Before the pandemic, remote consultation did happen, but not all therapists offered it; and confidentiality concerns tended to focus on technical security measures such as whether the call was encrypted end-to-end. After everyone was forced online in March and April 2020, clinicians learned rapidly to focus on the endpoints. Patients often have problems finding a private space to talk; there may be a family member in earshot, whether by accident, or because they’re cooped up in a tiny apartment, or because they have a controlling partner or parent. A clinician may return a patient’s call and catch them in a supermarket queue. And the clinic too can be interrupted, if the clinician is practicing from home.

Technical endpoint compromise is occasionally an issue; a controlling family member could inspect a patient’s device and discover a therapeutic relationship that had not been disclosed. By far the worst endpoint compromise that happened during the study period was when the Vastaamo chain of clinics in Finland was hit by ransomware; 45,000 patients’ records were stolen, and some were put online by extortionists demanding bitcoin payments. (And now we face an even larger-scale issue in the UK as the government plans to hoover up all our GP records for sale to drug companies unless we opt out by June 25; see here for how to do that.)

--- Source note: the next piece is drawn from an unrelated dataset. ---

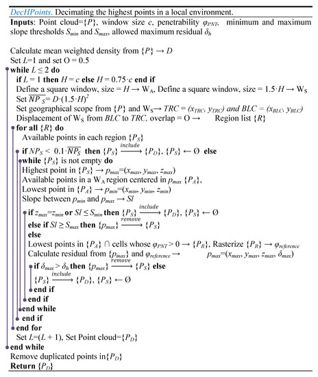 Following the studies of [22,24], we developed and used the Decimation of Highest Points function (DecHPoints) to produce a decimated point cloud (P) by detecting and deleting (under some circumstances) the highest points in a local environment from the point cloud. The underlying principle that this function applies to detect and remove non-ground points from the point cloud is that the elevations of these points are maximal in local environments. The DecHPoints function is defined by six parameters: input LiDAR data (P); the maximum size of the area without ground points (usually identified from the shortest side of the largest building in the study area (c); surface penetrability (); minimum and maximum slope thresholds (S and S); and allowed maximum residual (). The pseudo-code of DecHPoints is shown in Figure 4.

Such horrors aside, the core problem is to establish a therapeutic space where both patient and clinician can interact effectively, which means being able to concentrate and also to relax. There’s more to this than just being comfortable trusting the endpoint environments, the devices, the communications medium and any record-keeping mechanism. Interaction matters too. Many clinician communities discovered independently that the plain old telephone system often works better than new-fangled stuff such as skype and zoom. Video calls add maybe half a second of latency for buffering, which destroys conversational turn-taking. A further advantage of the phone is that you’re not staring at someone’s face at an unnatural distance. You can walk around the room, or even walk around the park.

Since doing this work I’ve started to avoid zoom and teams in favour of phone calls when I can, and use end-to-end encrypted voice calls on WhatsApp or Signal where call costs or client confidentiality make it sensible.

Robots, manners and stress

Humans and other animals have evolved to be aware of whether we’re under threat. When we’re on safe territory with family and friends we relax, but when we sense that a rival or a predator might be nearby, our fight-or-flight response kicks in. Situational awareness is vital, as it’s just too stressful to be alert all the time.

We’ve started to realise that this is likely to be just as important in many machine-learning applications. Take as an example machine vision in an automatic driver assistance system, whose goal is automatic lane keeping and automatic emergency braking. Such systems use deep neural networks, as they perform way better than the alternatives; but they can be easily fooled by adversarial examples. Should we worry? Sure, a bad person might cause a car crash by projecting a misleading image on a motorway bridge – but they could as easily steal some traffic cones from the road works. Nobody sits up at night worrying about that. But the car industry does actually detune vision systems from fear of deceptive attacks!

We therefore started a thread of research aimed at helping machine-learning systems detect whether they’re under attack. Our first idea was the Taboo Trap. You raise your kids to observe social taboos – to behave well and speak properly – and yet once you send them to school they suddenly know words that would make your granny blush. The taboo violation shows they’ve been exposed to ‘adversarial inputs’, as an ML engineer would call them. So we worked out how to train a neural network to avoid certain taboo values, both of outputs (forbidden utterances) and intermediate activations (forbidden thoughts). The taboos can be changed every time you retrain the network, giving the equivalent of a cryptographic key. Thus even though adversarial samples will always exist, you can make them harder to find; an attacker can’t just find one that works against one model of car and use it against every other model. You can take a view, based on risk, of how many different keys you need.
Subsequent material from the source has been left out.